INCENTIVE STOCK OPTION AGREEMENT
INCENTIVE STOCK OPTION AGREEMENT
THIS INCENTIVE STOCK OPTION AGREEMENT (this “Agreement”) is made and entered into as of this
____ day of _____________, 20__ (the “Grant Date”), by and between The Chefs’ Warehouse, Inc., a
Delaware corporation (together with its Subsidiaries and Affiliates, the “Company”), and
__________________ (the “Optionee”). Capitalized terms not otherwise defined herein shall have the
meaning ascribed to such terms in The Chefs’ Warehouse, Inc. 2011 Omnibus Equity Incentive Plan
(the “Plan”).
WHEREAS, the Company has adopted the Plan, which permits the issuance of stock options for the
purchase of shares of the common stock, par value $0.01 per share, of the Company (the “Shares”);
and
WHEREAS, the Company desires to afford the Optionee an opportunity to purchase Shares as
hereinafter provided in accordance with the provisions of the Plan.
NOW, THEREFORE, in consideration of the mutual covenants hereinafter set forth and for other
good and valuable consideration, the receipt and sufficiency of which are hereby acknowledged, the
parties hereto, intending to be legally bound hereby, agree as follows:
1. Grant of Option.
(a) The Company grants as of the date of this Agreement the right and option (the “Option”) to
purchase __________ Shares, in whole or in part (the “Option Stock”), at an exercise price of
_________________________ and No/100 Dollars ($_________) per Share, on the terms and conditions
set forth in this Agreement and subject to all provisions of the Plan. The Optionee, holder or
beneficiary of the Option shall not have any of the rights of a stockholder with respect to the
Option Stock until such person has become a holder of such Shares by the due exercise of the Option
and payment of the Option Payment (as defined in Section 3 below) in accordance with this
Agreement.
(b) The parties intend that the Option qualify as an incentive stock option within the meaning
of Section 422 of the Code, and this Agreement shall be interpreted consistently therewith. In the
event a portion or all of this Option does not so qualify, the parties intend that the
nonqualifying portion shall remain valid and outstanding and shall instead be treated as a
non-qualified stock option.
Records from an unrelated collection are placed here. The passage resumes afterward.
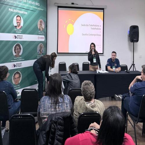 A Fetrafi-MG realizou nesta quarta-feira (22/10) o Seminário de Saúde. O evento teve como tema: “Um olhar atento à saúde do trabalhador e da trabalhadora” e contou com a presença de dirigentes de sindicatos de todo o estado filiados à federação.
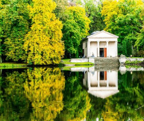 An English-style romantic garden (established in 1778) in the village of Arkadia is one of the few sentimental and romantic gardens in Europe that survived in a slightly changed form. You will find there numerous references to the art and architecture of antiquity and the Middle Ages, as well as folk culture. So do not be surprised by the Temple of Diana, Roman aqueduct and circus, Gothic house, or some ‘artificial’ ruin.
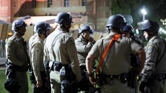 যুক্তরাষ্ট্রের লস অ্যাঞ্জেলেসের ক্যালিফোর্নিয়া বিশ্ববিদ্যালয়ে বিপুল পুলিশ অবস্থান নিয়েছে। তারা পুরো ক্যাম্পাস ঘিরে ফেলেছে। গাজা যুদ্ধ বন্ধে আন্দোলনরত শিক্ষার্থীদের সরাতে পুলিশ যেকোনো সময় অভিযান শুরু করতে পারে। এ নিয়ে সেখানে তীব্র উত্তেজনা বিরাজ করছে।
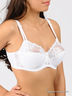 Оригинальный бюстгальтер классической формы на косточках. Чашки выполнены из кружева с хлопковой подкладкой, спинка из тонкой эластичной ткани. Нижняя часть чашек на поролоне. Несъемные эластичные бретели регулируются по длине. Застегивается на два крючка в три позиции.
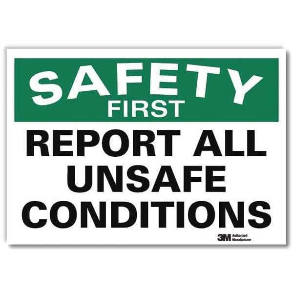 Safety Decal, Vertical Rectangle, Number of Printed Sides 1, English, Sign Format Traditional OSHA, Sign Legend Report All Unsafe Conditions, Sign Legend Background Color White, Sign Legend Style Text
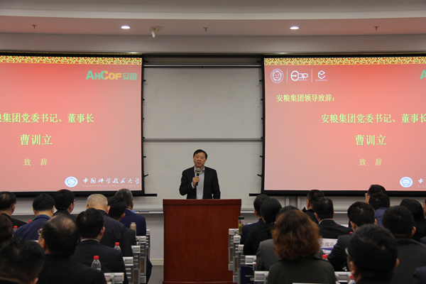 2020年10月30日,中國科學技術大學—安糧集團EDP、MBA研修班在中國科學技術大學國際金融研究院隆重開班,安糧集團董事長曹訓立和中科大管理學院黨委副書記芮鋒分別致辭。
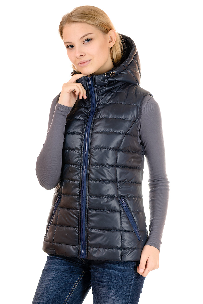 Жилет 802КА Удобный и модный предмет гардероба-Жилет,с капюшоном(не отстегивается). ткань:плащевка "ЛАКЕ", утеплитель силикон, подкладка принт нейлон р.44.46.48.50. Длина жилета: , 44р-62см, 46р-63см, 48р-65см, 50р-66см цвет:синий
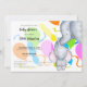 Um casal de elefantes adoráveis de aquarela, amando bebê e mamãe, entretém seus troncos contra um fundo de balões brilhantemente coloridos que criam um convite para chás de fraldas festivos para pequenos de ambos os sexos. As fontes de contraste foram usadas para informações que precisam apenas dos detalhes do evento YOUR que são facilmente trocados.
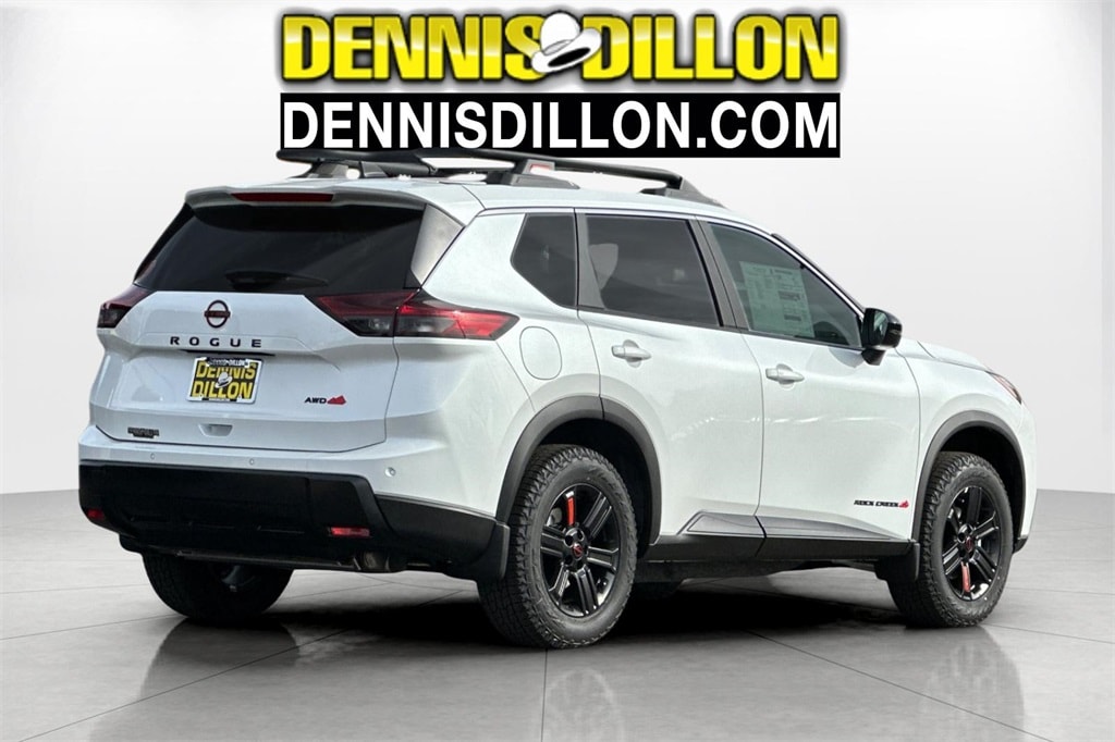 Everest White Pearl Tricoat 2026 Nissan Rogue Rock Creek 4D Sport Utility AWD CVT with Xtronic 1.5L DOHC 4-Way Power Passenger Seat, 4-Wheel Disc Brakes, 6 Speakers, ABS brakes, Air Conditioning, Alloy wheels, AM/FM radio: Sirius, Apple CarPlay/Android Auto, Auto High-beam Headlights, Auto-Dimming Inside Mirror, Automatic temperature control, Black Splash Guards (Set of 4), Brake assist, Delay-off headlights, Driver door bin, Driver vanity mirror, Dual front impact airbags, Dual front side impact airbags, Electronic Stability Control, Emergency communication system: NissanConnect Services, Four wheel independent suspension, Front anti-roll bar, Front Bucket Seats, Front Center Armrest, Front dual zone A/C, Front reading lights, Fully automatic headlights, Heated door mirrors, Heated Front Bucket Seats, Heated front seats, Illuminated entry, Interior LED Accent Lighting, Knee airbag, Leatherette & Ballistic Nylon Seating, Low tire pressure warning, Memory Driver Seat & Outside Mirrors, Motion-Activated Power Liftgate, Occupant sensing airbag, Outside temperature display, Overhead airbag, Overhead console, Panic alarm, Passenger door bin, Passenger vanity mirror, Power door mirrors, Power driver seat, Power Liftgate, Power steering, Power windows, Premium Paint, Radio data system, Radio: AM/FM NissanConnect, Rear anti-roll bar, Rear seat center armrest, Rear side impact airbag, Rear window defroster, Rear window wiper, Remote keyless entry, Reverse Tilt-Down Outside Mirrors, Rock Creek Premium Package, Roof rack, Speed control, Speed-sensing steering, Speed-Sensitive Wipers, Split folding rear seat, Spoiler, Steering wheel mounted audio controls, Tachometer, Telescoping steering wheel, Tilt steering wheel, Traction control, Trip computer, Variably intermittent wipers, Wheels: 17" Dark Painted Alloy, Wireless Charging Pad.
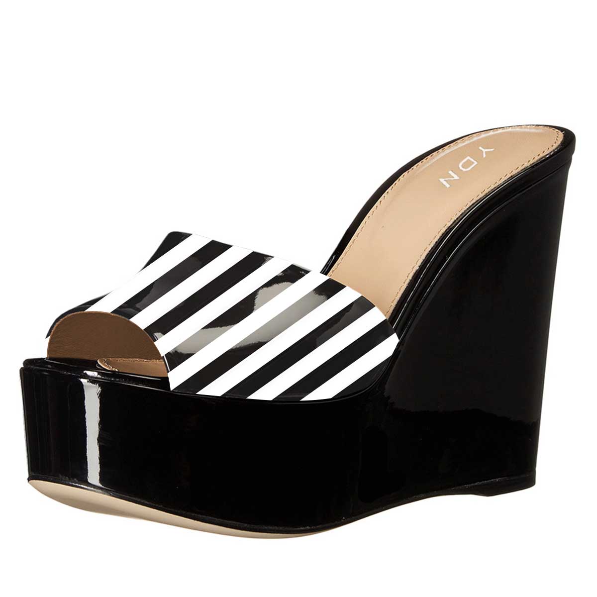 Black & White Stripe Platform Mules Peep Toe Slip on Wedge Sandals
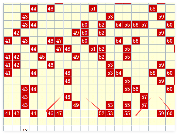 第三区【41-60】 上期开出5枚奖号,近期该区表现较热。
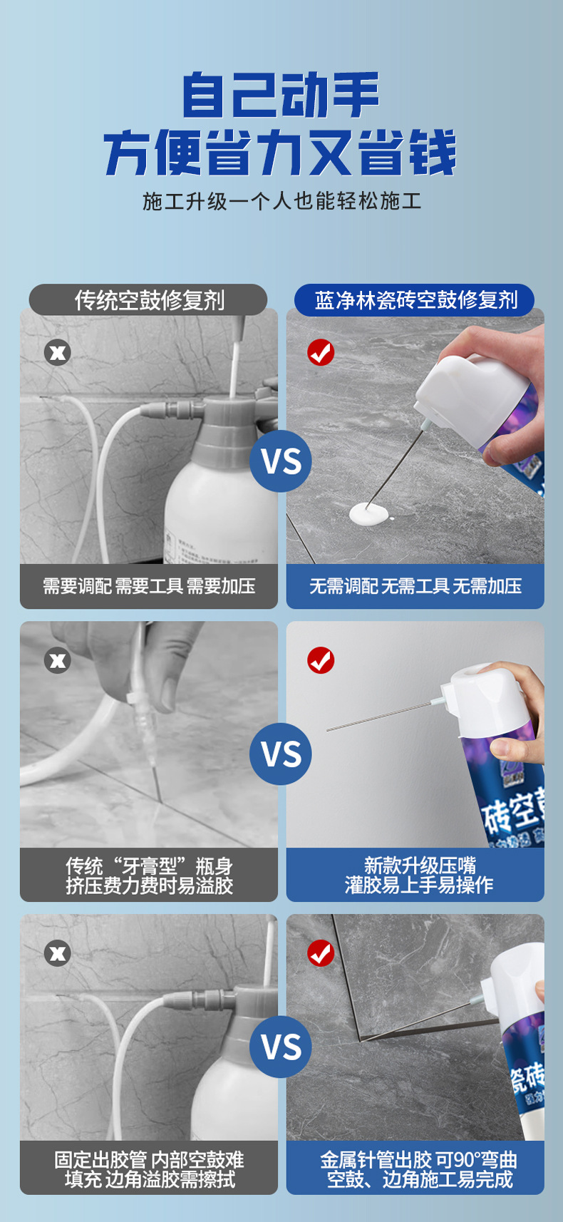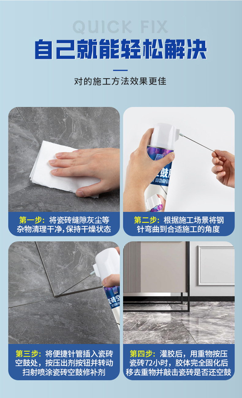 Средство для полого барабана для керамической плитки, проникающий тип, полый барабан, клей для ремонта стен и напольной плитки, самораспыляющееся средство для клея для бытовой плитки
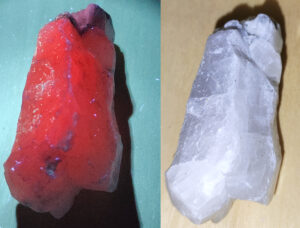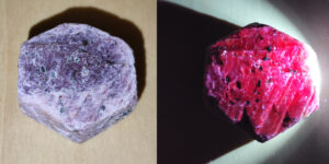 Korund (Al2O3) természetes fényben és UV-fényben

Accordingly, the Optionee understands that in order to obtain the
benefits of an incentive stock option under Section 422 of the Code, no sale or other disposition
may be made of Option Stock for which incentive stock option treatment is desired within the
one-year period beginning on the day after the day of the transfer of such Option Stock to the
Optionee, nor within the two-year period beginning on the day after the grant of this Option, and
further that this Option must be exercised within three months after termination of employment as
an employee (or 12 months in the case of death or disability) in order to qualify as an incentive
stock option. If the Optionee disposes (whether by sale, gift, transfer or otherwise) of any such
Option Stock within either of these periods, the Optionee will notify the
Company within 30 days after such disposition. In order comply with all applicable federal,
state or local tax laws or regulations, the Company may take such action as it deems appropriate
to ensure that all applicable federal, state or other taxes are withheld or collected from the
Optionee.
2. Exercise of Option.
(a) Except as otherwise provided herein, this Option shall become vested and exercisable as
set forth below, if and only if the Optionee shall have been continuously employed by the Company
from the date of this Agreement through and including such dates:
Percentage Vested | Date | |
(b) Notwithstanding the above, this Option shall vest and become exercisable with respect to
100% of the Option Stock in the event of the Optionee’s death, Disability or Retirement, provided
the Optionee has remained continuously employed by the Company from the date of this Agreement to
such event.
(c) Notwithstanding the foregoing, in the event of a Change in Control, this Option shall
become vested and exercisable (but only to the extent such Option has not otherwise terminated or
become exercisable) with respect to 100% of the Option Stock immediately prior to the Change in
Control; provided, that if this Option is assumed in the Change in Control transaction under the
terms set forth in Section 13.3 of the Plan, this Option shall continue to vest according
to the schedule set forth in Section 2(a) except that in the event of the termination of
the Optionee’s employment within one year following the Change in Control, if the Optionee’s
employment with the Company (or its successor) is terminated by (A) the Optionee for Good Reason,
or (B) the Company for any reason other than for Cause, this Option shall vest and become
exercisable with respect to 100% of the Option Stock (but only to the extent such Option has not
otherwise terminated or become exercisable).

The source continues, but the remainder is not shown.